By Catherine Sasman
Opposition CoD MP Nora Schimming-Chase yesterday questioned the extent to which the 2008/09 budget can be viewed as ‘pro-poor’, arguing that the increase for pensioners still falls far short of the needs of this marginalised group.
The DTA’s Johan de Waal questioned the capacity of the Government to fulfill the requirements of the budget, and expressed concern over ‘over-reliance’ on Southern African Customs Union (SACU) revenue, which constitute a whopping 44 percent of the total budget.
Old Mutual Africa Managing Director, Johannes !Gawaxab, said not even a broadening of the tax base would fill the gap now covered through SACU revenue, saying that the situation was “not healthy”.
Nepru’s Joel Eita echoed this worry, particularly in light of the fact that the SACU revenue pool may decline because of the economic partnership agreement (EPA) expected to be concluded by the end of this year and the SADC FTA [free trade agreement].
Parliamentarians also have reservations over the huge chunk the education sector again received, saying that the progressive increase in the sector has so far been met with a disappointing progressive decrease in the performance of the sector.
Finance Permanent Secretary Calle Schlettwein said the budget should be seen for its pro-growth potential where jobs can be created.
Chairperson of the Parliamentary Standing Committee on Economics, Natural Resources and Public Administration, Hage Geingob, said the substantial increased allocation to war veterans – 8 000 of whom have been considered in the budget, according to Schlettwein – is an “outstanding commitment” of the budget, describing the budget as “forward looking”.

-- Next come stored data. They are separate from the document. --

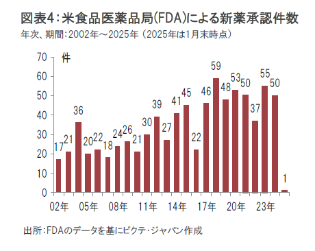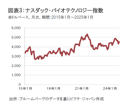 2024年のバイオ医薬品株式市場は、米国金利の変動や米国の大統領選挙とその後の閣僚人事などの影響を受けて、変動が大きくなりました。2023年に大型案件が多くみられたM&A(合併・買収)の動きは、大手の医薬品企業や大手のバイオ医薬品企業が大型治療薬の特許問題に直面していることもあり、今後も継続するものとみられ、2025年半ばまでには、再び案件の増加が期待されます。特にフェーズ2で良好な治験結果が示された治療薬候補を有するなど買収後のリスクの低い銘柄が注目されます。新薬の開発では、画期的な新薬の開発が続いており、AIの進化が、さらに開発を加速するとみています。また米食品医薬品局(FDA)が、医療ニーズが満たされていない適応症の治験については柔軟な姿勢を示していることも治療薬の開発を支援するものと考えます。さらに、資金調達については、新薬の開発が順調な企業では引き続きスムーズに進められています。一方、IPOは依然として低調な状況が続いています。引き続き米国の金融政策、マクロ経済の動向、トランプ新政権の政策動向には注視が必要と考えます。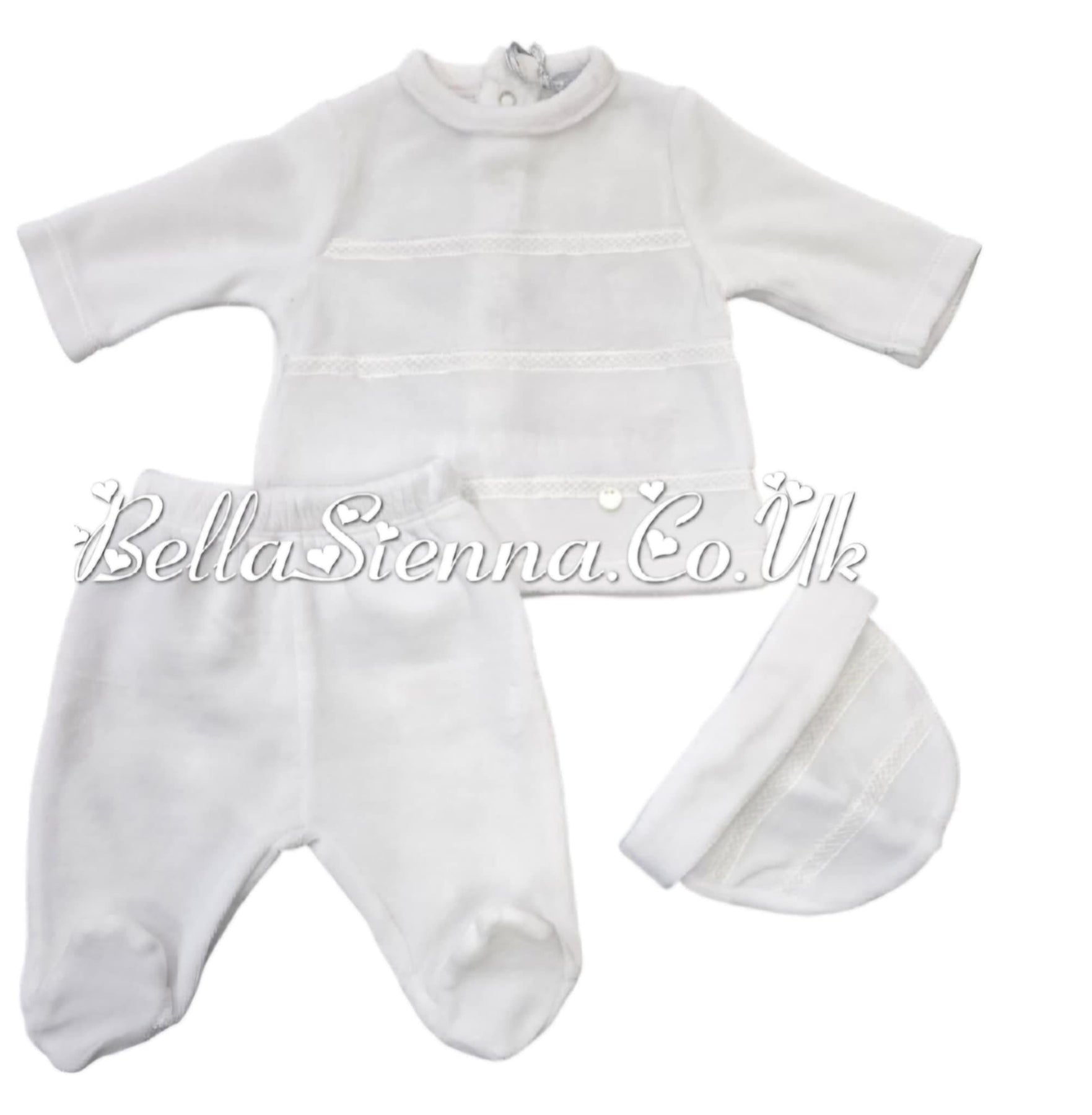 Experience ultimate comfort with our Blues Baby White Velour Unisex Three Piece Set. Made from soft white velour, the set includes a top, leggings, and hat, all in a unisex design. The top features a decorative button, adding a touch of style to the cozy set. Perfect for any baby, this set is a must-have for ultimate comfort.
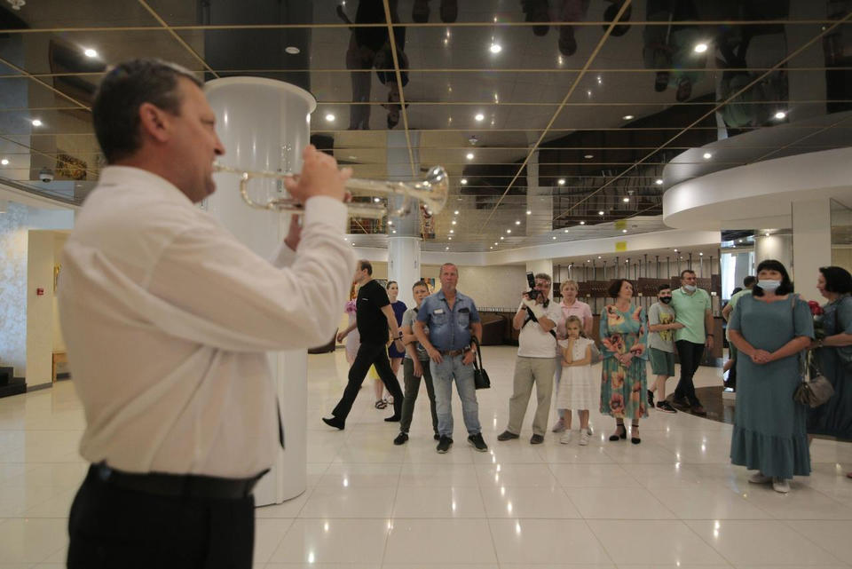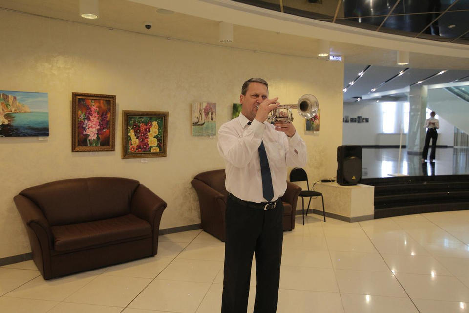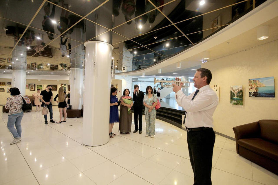 Музыкальный подарок гостям выставки преподнёс артист ансамбля песни и танца «Казачья застава» Александр Мереняшев (труба).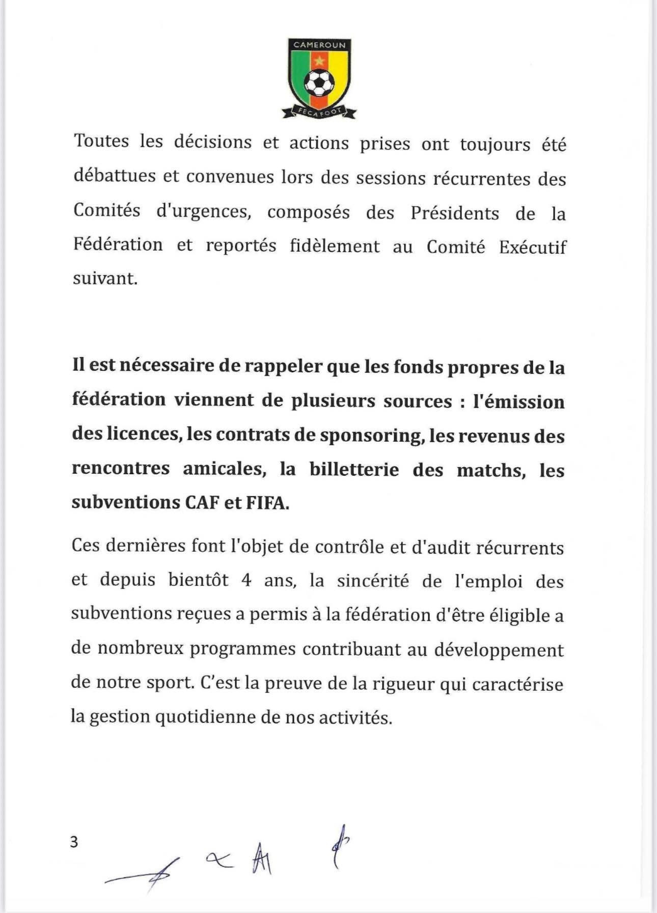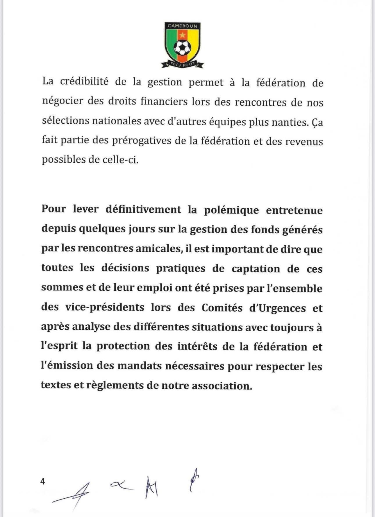 Face à ces accusations, la Fecafoot dénonce une tentative de « salir l’honorabilité » de ses dirigeants. Dans son viseur, des accusations relayées dans les médias et sur les réseaux sociaux. Elle affirme que les fonds générés par les matchs amicaux sont gérés collectivement. « Pour lever définitivement la polémique entretenue depuis quelques jours sur la gestion des fonds générés par les rencontres amicales, il est important de dire que toutes les décisions pratiques de captation de ces sommes et de leur emploi ont été prises par l’ensemble des vice-présidents lors des Comités d’Urgences. Et après analyse des différentes situations avec toujours à l’esprit la protection des intérêts de la fédération et l’émission des mandats nécessaires pour respecter les textes et règlements de notre association », rappelle le communiqué.

!Gawaxab commended the budget in its attempt to strike a balance between social reconstruction, job creation and capital development on the one hand and what the Treasury can afford on the other.
He, however, said the allocation to the Ministry of Defence was disappointing, considering that it is not a productive sector.
He further said it was lamentable that tourism’s allocation continues to shrink, given the fact that this sector has grown as a key employer and foreign currency earner.
!Gawaxab further said a concern is Government’s continued support to non-performing State-Owned Enterprises (SOEs).
In addition to addressing public service inefficiencies through the proposed Productivity Unit, said !Gawaxab, this unit should be tasked to find a way to enhance the returns of funds spent on the education sector, saying that this would go a long way to ensure prosperity for all Namibians.
On the budget’s impact on equity and the bond market, !Gawaxab said a net issuance of N$337 million is expected despite the budget deficit.
“New insurances will amount to N$919 million, while N$582 million will be redeemed. This issuance is expected to further decline in subsequent years,” said !Gawaxab.
He said a further downward pressure on bond yields seems inevitable.